Thank you for your valuable feedback, which significantly improved the quality of this work. Below, we will address your comments and questions,

  1. OpenMPI releases.
    Thank you for pointing this out. As you mentioned, OpenMPI is a popular implementation. We have now added the prebuilt versions of the library with OpenMPI in addition to MPICH. This required a complete revision of the naming convention used in the library across all languages and documentations. The new naming convention automatically suffixes,

    1. any MPICH build of the library with _mpich,
    2. any OpenMPI build of the library with _openmpi,
    3. any Intel MPI build of the library with _impi,
      A complete description of the naming convention used in the library is provided in the library's documentation.
  2. Build failure.
    Thank you for pointing this out. This apparently happens on systems where either the MPI library or the GNU compilers are already installed and meet the minimum version requirements of ParaMonte. As such, the build scripts would not feel the need to create a custom setup.sh to set up the environmental variables. However, it would require the setup file's existence, which would subsequently interrupt the build by throwing an exception.

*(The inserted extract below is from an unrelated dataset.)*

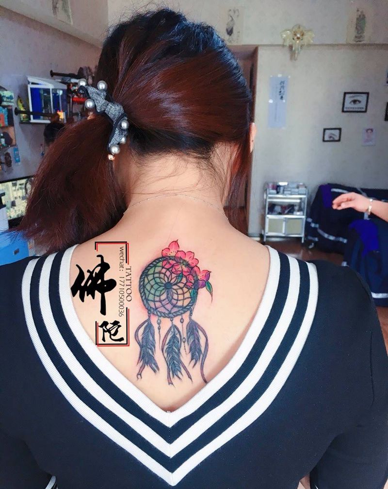 捕梦网纹身图片_背部New School水彩捕梦网纹身图案

    We believe this issue is now fixed in the latest release of the library.

  3. license and ACKNOWLEDGMENT.md.
    Thank you again for pointing this out. The existing ACKNOWLEDGMENT.md was a relic of the original license of the library. This is now fixed.

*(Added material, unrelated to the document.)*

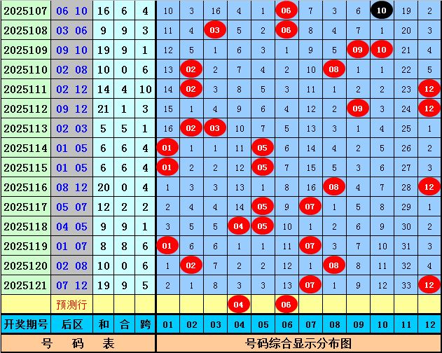 后分离析:后区上期开出号码07和12,分别遗漏1期和4期,当今后区01-12区间冷温热号码个数比为3:2:7,本期后区注视号码04+06。

  4. points 1 and 3 by @williamfgc.
    Please see our responses to comments by @williamfgc.

VivianePons commented 3 years ago

Thank you very much, I am glad to see that the review process has been so successful and has improved the quality of the software :) I leave it to @williamfgc and @milancurcic to review your comments and the improvements that have been made

Happy new year to all of you and thank your for the provided work

shahmoradi commented 3 years ago

@milancurcic @williamfgc Thank you again for your constructive feedback so far. Just to make sure we have not missed any of your comments, are there any other outstanding issues needed to address here?

williamfgc commented 3 years ago

Dear @shahmoradi , thanks for the hard work on getting these points addressed. Would you kindly send an updated version of your manuscript? I'd like to wrap up the review as well.

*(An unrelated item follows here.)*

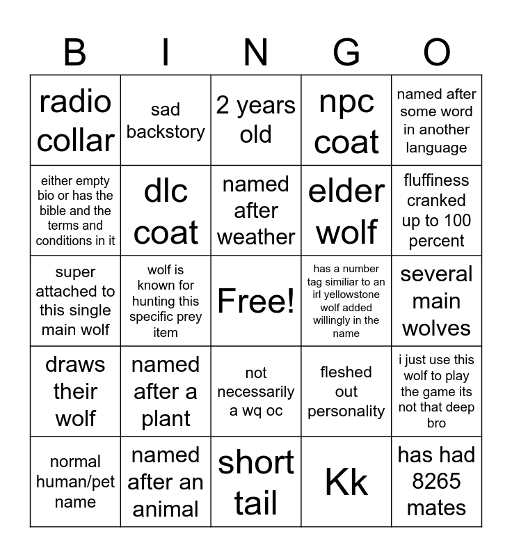 This bingo card has a free space and 24 words: named after a plant, named after an animal, named after weather, normal human/pet name, named after some word in another language, radio collar, either empty bio or has the bible and the terms and conditions in it, sad backstory, has a number tag similiar to an irl yellowstone wolf added willingly in the name, not necessarily a wq oc, elder wolf, super attached to this single main wolf, fleshed out personality, i just use this wolf to play the game its not that deep bro, dlc coat, Kk, several main wolves, 2 years old, fluffiness cranked up to 100 percent, wolf is known for hunting this specific prey item, has had 8265 mates, draws their wolf, npc coat and short tail.

shahmoradi commented 3 years ago

@williamfgc Thank you. My impression was that @whedon would automatically build the PDF from the Markdown file. Until then, I attach a PDF of the revised manuscript to this comment. The Markdown file on GitHub is also readable, although not as comfortable as the PDF.

VivianePons commented 3 years ago

@whedon generate pdf

whedon commented 3 years ago

:point_right::page_facing_up: Download article proof :page_facing_up: View article proof on GitHub :page_facing_up: :point_left:

williamfgc commented 3 years ago

@shahmoradi I just reviewed the revised manuscript and looks appropriate for JOSS. Thanks for addressing the changes and fixing the defect I filed above. Minor thing: Funding and Acknowledgment can be one single section on the paper. Looks good to me, the only one thing I still think could be added in the future is CI, but I'll leave it to @VivianePons as the editor and @milancurcic to decide on final publication. Thanks!

milancurcic commented 3 years ago

Good to go from me, thank you all. :+1:

A note regarding "Functionality" and why I left it unchecked: I was reading through the docs and played for a while with the example program and configurations, however I wasn't able to get far, even with the docs. I believe this was due to the domain-specific knowledge that I don't have. But I assume that for a domain expert, these parameters are meaningful and they wouldn't have trouble generalizing the example application while following the docs.

VivianePons commented 3 years ago

Hi thank you both @williamfgc and @milancurcic for the thorough reviews and @shahmoradi for all the improvements.

@williamfgc you left many boxes unchecked even though I understand that you are satisfied with the software. Maybe that's just an oversight? Could you go through the list and see if everything checks (and indeed CI is not required even though it's always good to have)

@milancurcic is there any functionality that you were not able to reproduce? Or anything you wanted to try and were not able to do? Even if you feel you're not a domain expert, your input might be useful for proving the documentation for example (and as an editor, I would really much like seeing this "functionality" box checked to get the paper published!) Also, you left unchecked the "Performance" box (even there is no performance claims in the paper, it should be checked)

Again thank you for your time! I believe we are getting close to final publication!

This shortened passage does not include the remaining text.